[Records drawn from a dataset]
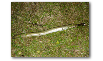 Bei Sonnenuntergang Anbiss! Braxe, 15 cm., große Fische sehen anders aus! Schnurknoten! Feierabend! Grundangel eindrehen! Widerstand..., mehr Widerstand ... - Hilfe, See droht mit Fisch! Kurzer Drill. Schau an, ein Aal. 71 cm, Schonmaß ist 50, Glück gehabt. Aal geht also, Braxe auch und Schleie?
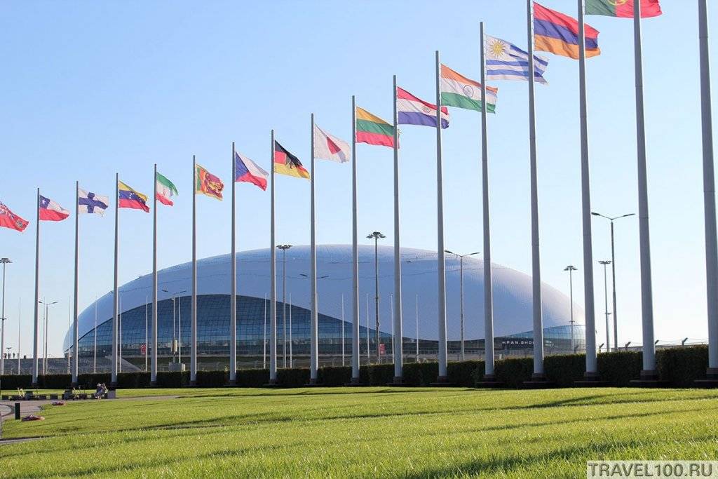 Осматривая ледовые дворцы с Медальной площади, мы движемся по часовой стрелке. И следующий стадион называется «Адлер Арена». Здесь проходили соревнования по конькобежному спорту и шорт-треку.
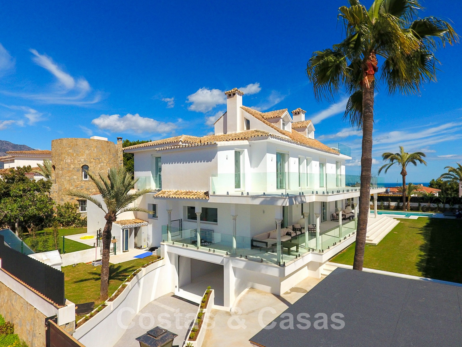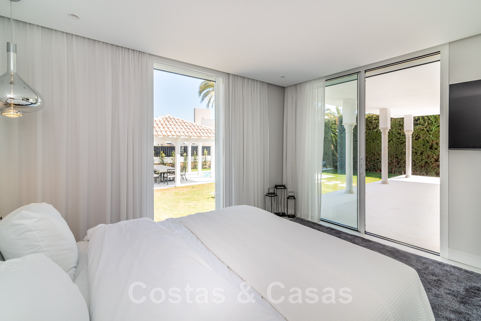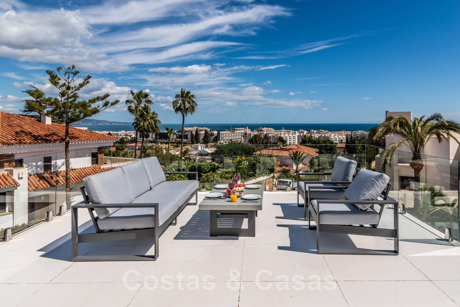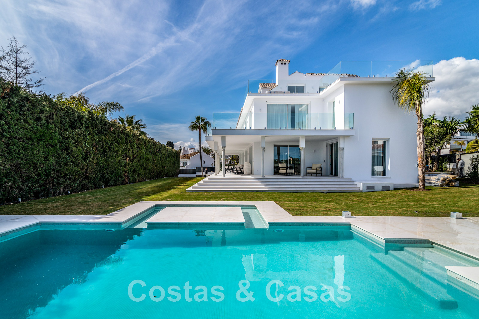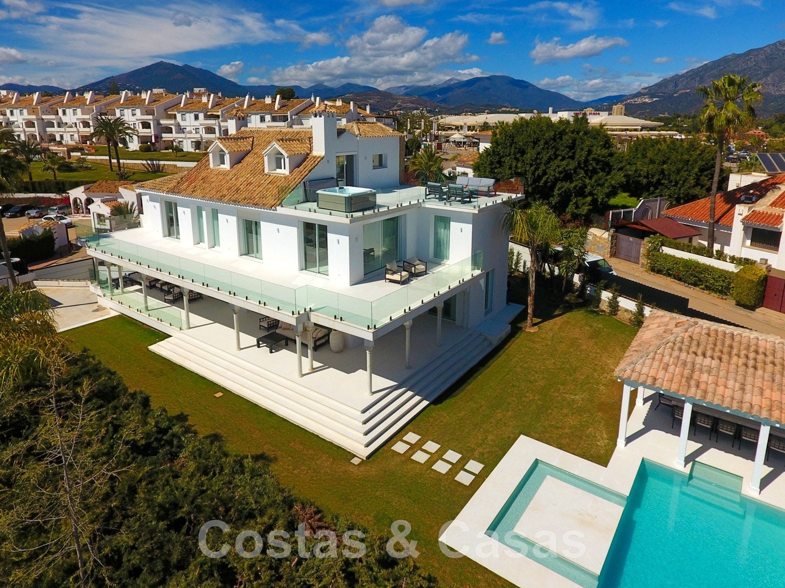 Parcela de esquina vallada con cipreses. Jardín tropical con palmeras maduras. Gran piscina con solárium. Pool house con una cocina al aire libre equipada con barbacoa, refrigerador de vino y un comedor. Amplias zonas exteriores con varias terrazas abiertas y cubiertas con zonas de relax. Intimidad gracias a las plantaciones altas. Vistas panorámicas desde la planta superior de la costa de Marbella hacia el continente africano y la pintoresca montaña de La Concha.
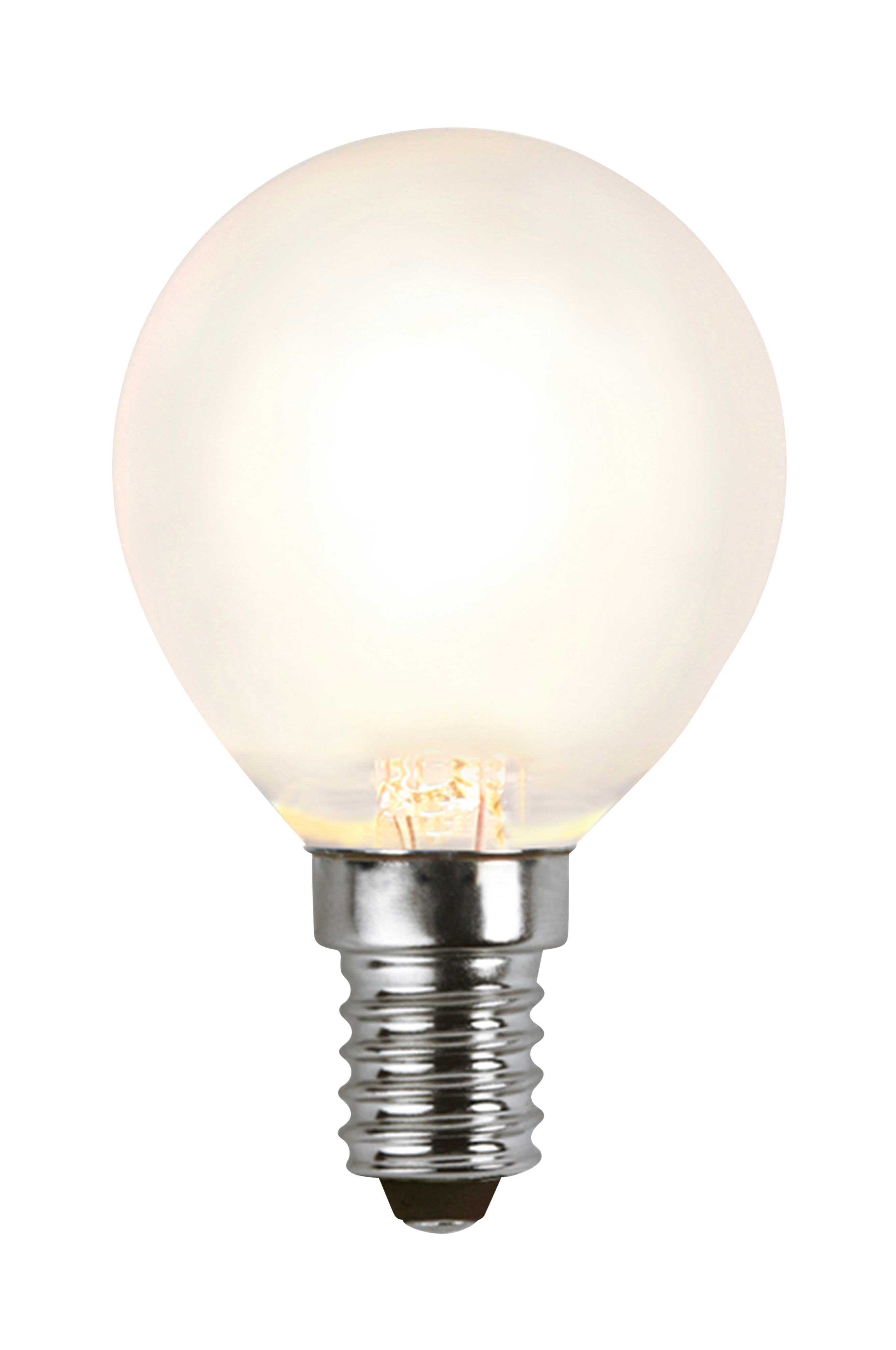 Frostet Kule LED-lyspære E14. Maks 4W (=30W) (2700K, 350lm). Høyde 8,2 cm og bredde 4,5 cm, dimbar. Lyspæren gir et varmhvitt lys, og egner seg fint til lampeskjermer av tekstil eller i hvite glasskupler. Den er CE-merket. Form: Kule. Levetid 25 000 h. Materiale: Glass.
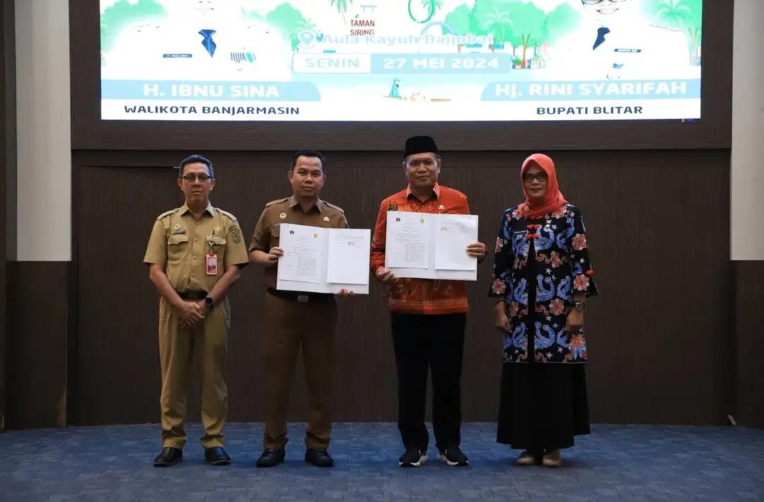 BANJARMASIN, KALIMANTANLIVE.COM – Pemerintah Kota (Pemko) Banjarmasin dan Pemerintah Kabupaten (Pemkab) Blitar melaksanakan Penandatanganan Naskah Kesepakatan Bersama dan Perjanjian Kerja Sama, tentang Peningkatan Perekonomian dan Pengembangan Usaha Mikro, di Aula Kayuh Baimbai, Balaikota Banjarmasin, Senin (27/5/2024).
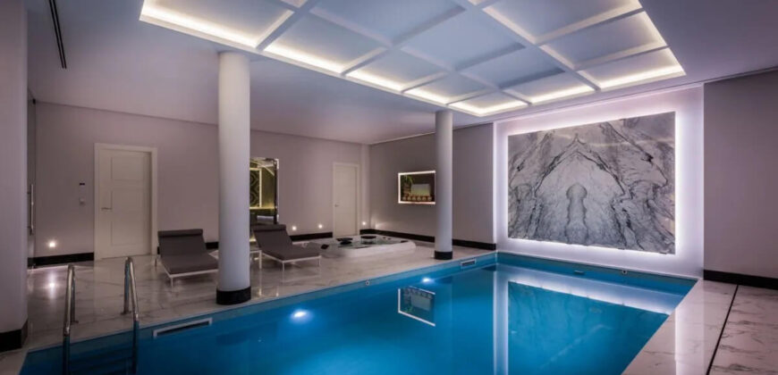 In the basement there is a gym, cinema, indoor swimming pool, spa zone and another apartment for the staff with bedroom en suite and small kitchen. Garage for 4 cars.
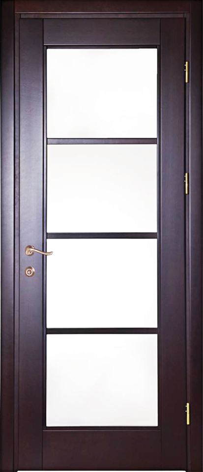 - Полотно и коробка состоит из массива дерева, с ярко выраженной (ясень, дуб) и менее выраженной (ольха) структурой, влажностью 10-12%, получаемого в процессе склеивания под высоким давлением брусков из тщательно высушенной древесины. Бруски имеют разное направление волокон в каждом слое, что обеспечивает конструкции дверного блока высокое качество;

[PROBLEM DETAILS]: Print every record above exactly, with no pictures.

[EXERCISE RESPONSE]:
 Bei Sonnenuntergang Anbiss! Braxe, 15 cm., große Fische sehen anders aus! Schnurknoten! Feierabend! Grundangel eindrehen! Widerstand..., mehr Widerstand ... - Hilfe, See droht mit Fisch! Kurzer Drill. Schau an, ein Aal. 71 cm, Schonmaß ist 50, Glück gehabt. Aal geht also, Braxe auch und Schleie?
 Осматривая ледовые дворцы с Медальной площади, мы движемся по часовой стрелке. И следующий стадион называется «Адлер Арена». Здесь проходили соревнования по конькобежному спорту и шорт-треку.
 Parcela de esquina vallada con cipreses. Jardín tropical con palmeras maduras. Gran piscina con solárium. Pool house con una cocina al aire libre equipada con barbacoa, refrigerador de vino y un comedor. Amplias zonas exteriores con varias terrazas abiertas y cubiertas con zonas de relax. Intimidad gracias a las plantaciones altas. Vistas panorámicas desde la planta superior de la costa de Marbella hacia el continente africano y la pintoresca montaña de La Concha.
 Frostet Kule LED-lyspære E14. Maks 4W (=30W) (2700K, 350lm). Høyde 8,2 cm og bredde 4,5 cm, dimbar. Lyspæren gir et varmhvitt lys, og egner seg fint til lampeskjermer av tekstil eller i hvite glasskupler. Den er CE-merket. Form: Kule. Levetid 25 000 h. Materiale: Glass.
 BANJARMASIN, KALIMANTANLIVE.COM – Pemerintah Kota (Pemko) Banjarmasin dan Pemerintah Kabupaten (Pemkab) Blitar melaksanakan Penandatanganan Naskah Kesepakatan Bersama dan Perjanjian Kerja Sama, tentang Peningkatan Perekonomian dan Pengembangan Usaha Mikro, di Aula Kayuh Baimbai, Balaikota Banjarmasin, Senin (27/5/2024).
 In the basement there is a gym, cinema, indoor swimming pool, spa zone and another apartment for the staff with bedroom en suite and small kitchen. Garage for 4 cars.
 - Полотно и коробка состоит из массива дерева, с ярко выраженной (ясень, дуб) и менее выраженной (ольха) структурой, влажностью 10-12%, получаемого в процессе склеивания под высоким давлением брусков из тщательно высушенной древесины. Бруски имеют разное направление волокон в каждом слое, что обеспечивает конструкции дверного блока высокое качество;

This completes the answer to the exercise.